On March 27, 2014, state prisoner Ishmael Tisdell sought habeas relief, challenging his conviction on fifteen grounds, including prosecutorial misconduct, violation of his Sixth Amendment confrontation clause rights, and various claims of ineffective assistance of trial counsel. (Doc. No. 1.) I referred the matter to Magistrate Judge Strawbridge, who recommended denying relief because the Petition is untimely. (Doc. No. 18.)

When I did not receive timely objections from Petitioner, I determined that Judge Strawbridge's Report contained no clear error and adopted it on August 20, 2015. (Doc No. 20.) Petitioner, who is proceeding pro se, then requested two extensions for time to file objections. (Doc. Nos. 21, 23.) I granted both requests and vacated my August 20 Order. On September 29, 2015, Petitioner filed objections. (Doc. No. 22, 24.) After reviewing these objections, I will once again deny relief and adopt Judge Strawbridge's Report and Recommendation.

I. Background

On July 18, 1987, a jury found Petitioner guilty of second degree murder, criminal conspiracy, possessing an instrument of a crime, and robbery after a trial in the Philadelphia Common Pleas Court. On December 19, 1988, after denying post-verdict motions, the Court sentenced Petitioner to life imprisonment for murder, and concurrent sentences of two and a half to five years for possession of an instrument of crime, five to ten years for criminal conspiracy, and a suspended sentence for robbery. (Ct. Commitment Form, Phila. Ct. Comm. Pleas Dec. 19, 1988.) The Superior Court rejected Petitioner's direct appeal. (Not. of App., St. Ct. Rec. Doc. 1094, Phila. Ct. Comm. Pleas Dec. 30, 1988); Commonwealth v. Tisdell, 598 A.2d 1333 (Pa. Super. Ct. July 10, 1991). Petitioner did not seek allocatur and did not otherwise challenge his convictions or sentence for over five years.

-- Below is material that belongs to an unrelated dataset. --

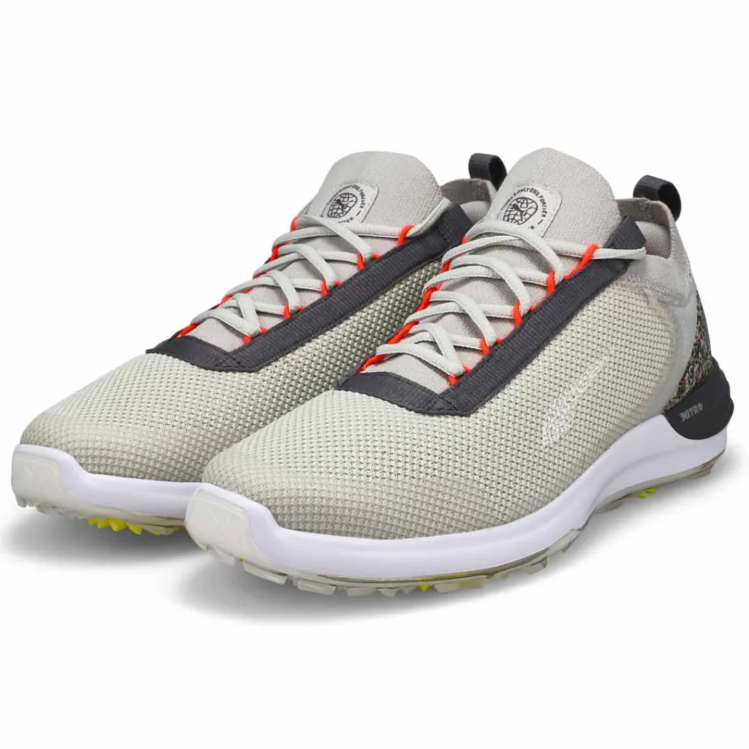 The Phantomcat Nitro Sport Golf Shoe from Puma brings golf cleats into the future with Flexspike technology. Puma’s PhantomCat Nitro golf shoe brings cleats into the future with FlexSpikes, offering exceptional gripping power. The NitroFoam midsole offers a balance between cushioning and energy return, improving performance and comfort. The footbed provides support and can be removed if more room is needed.

On October 23, 1996, shortly after amendments to the Commonwealth's collateral review law went into effect, Petitioner filed a pro se petition under Pennsylvania's Post-Conviction Relief Act. (PCRA Petition, St. Ct. Rec. Doc. 10, Phila. Ct. Comm. Pleas Oct. 23, 1996.) He requested and was granted appointment of counsel. After reviewing the case, however, appointed counsel filed a no merit letter on April 26, 1999. The PCRA court dismissed the petition on September 15, 1999. Petitioner did not appeal this decision and, again, made no further challenge to his convictions or sentence for fourteen years.

On March 24, 2014, Petitioner filed the instant pro se habeas petition. (Doc. No. 1.) The Commonwealth filed a response on September 9, 2014. (Doc. No. 9.) Petitioner replied on December 12, 2014. (Doc. No. 16.) On January 14, 2015, he submitted a memorandum of law in support of his Petition. (Doc. No. 17.)

I. Legal Standards

I am obliged to "make a de novo determination of those portions of the report or specified proposed findings or recommendations to which objection is made." 28 U.S.C. § 636(b)(1)(C). Although Petitioner repeats some of the arguments he offered in his habeas Petition, I will construe his submissions liberally and address the objections he apparently seeks to raise. See Brown v. Astrue, 649 F.3d 193, 195 (3d Cir. 2011) (district courts may not decline to afford de novo review merely because objections "rehash" arguments made to Magistrate Judge).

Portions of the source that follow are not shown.